Isreal may lose some 15,000 to 30,000 jobs in the hi-tech sector to India and China if the country-based multinationals go ahead with their plans to transfer jobs abroad, Motorola chief in Israel Elisha Yanai has said.
The industry has been gripped by fear that if local and foreign high-tech companies operating in Israel go ahead with plans to transfer jobs abroad, Israel is liable to lose high number of jobs, accounting for some 30-40 per cent of the total industry jobs, Yanai said in a letter to Prime Minister Ariel Sharon.
Outsourcing and India: Complete Coverage
"Multinationals based outside Israel like Intel, Motorola, IBM and Cisco are transferring 40 per cent of their R&D workforce to cheaper countries like India, China and in East Europe," Yanai said asking Sharon to convene an emergency meeting to prevent this, daily Ha'aretz reported.

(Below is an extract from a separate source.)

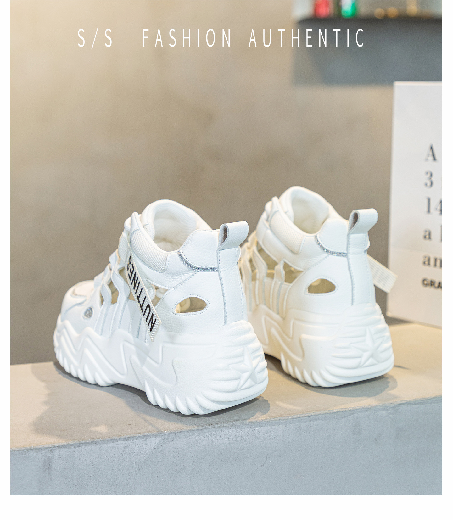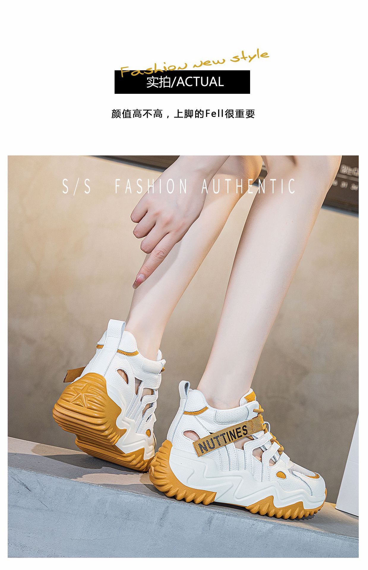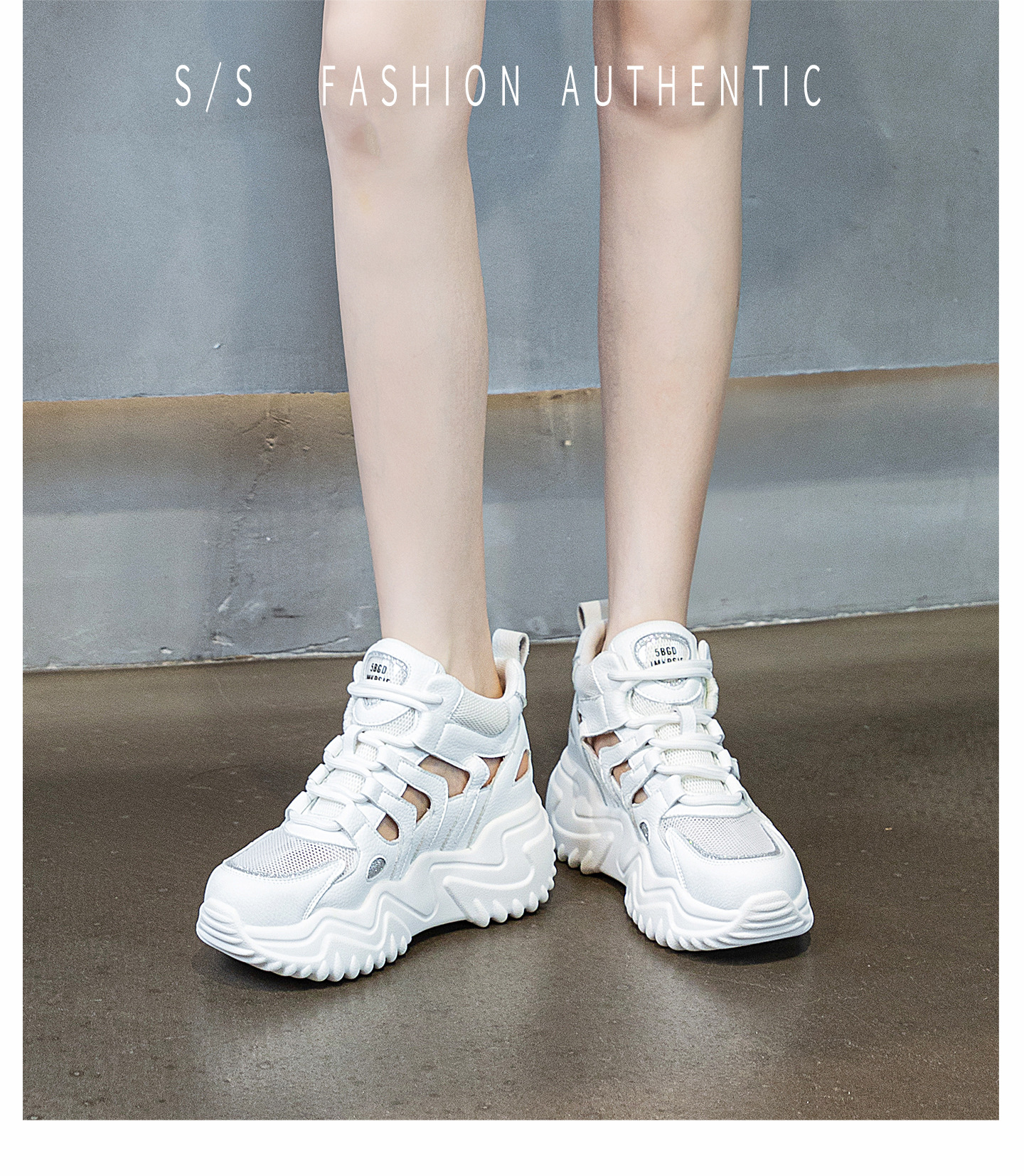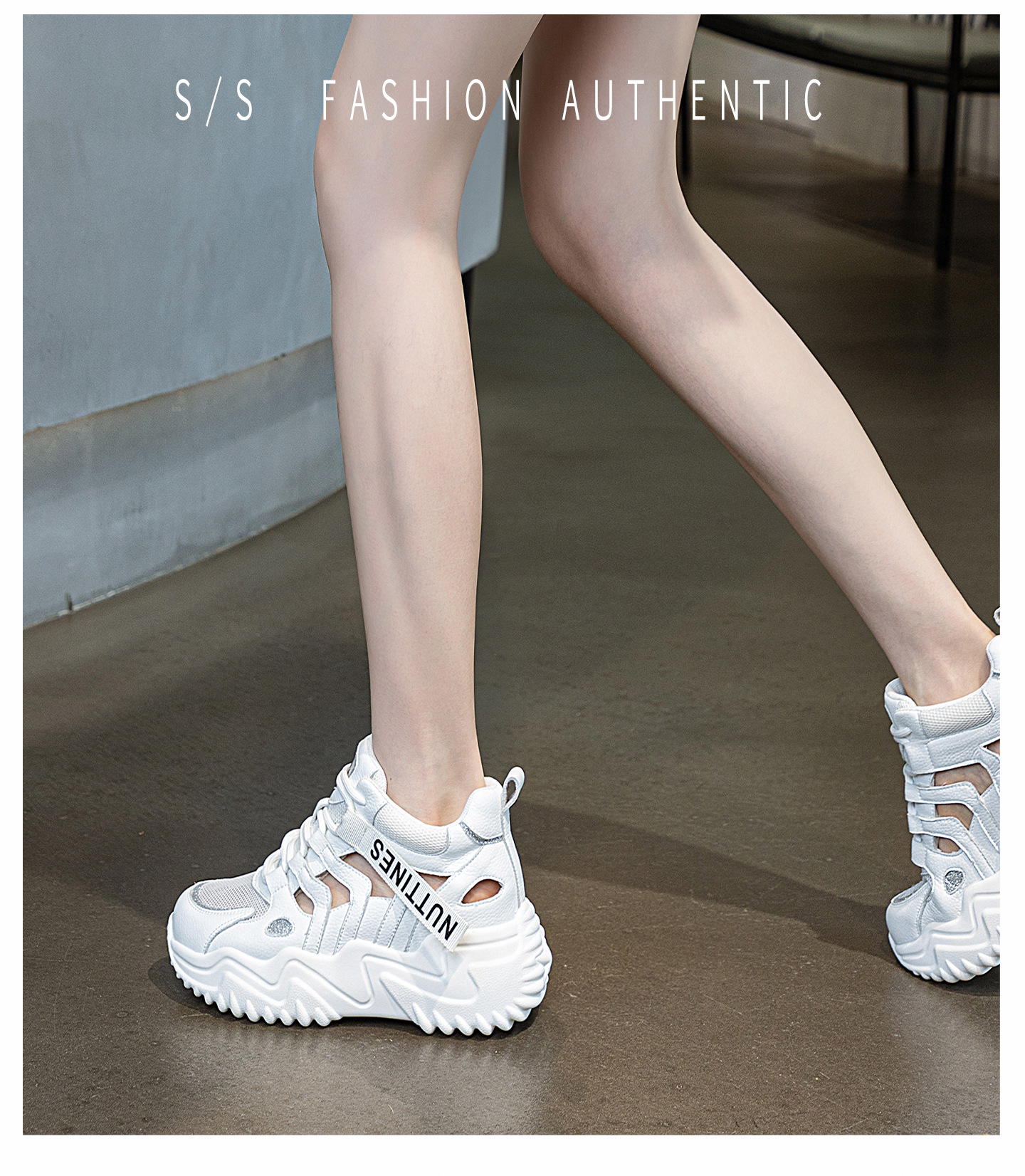 가을 2023 새로운 정품 가죽 흰색 신발 통기성 캐주얼 내부 높이 증가 아빠 신발 모든 일치 중공 캐주얼 신발 여성 신발스토어 가기

Israel Association of Electronics and Information recently conducted a poll that indicated that Israel lost over 3,000 hardware and software development jobs over the past few months, and more plans are in the offing, Yanai, who also serves as the president of IAEI, said.
Calling for urgent attention, he added, "We must contend with this serious problem, and I can bear witness that as Motorola Israel CEO, I was forced to deal with it daily over the past year, and we have regrettably lost hundreds of jobs."
Israel-based multinationals, which employ some 100,000 people and export $12 billion annually, operate under profit considerations and will outsource work abroad unless they are given the proper incentives, the executive of the telecom equipment major said in the letter.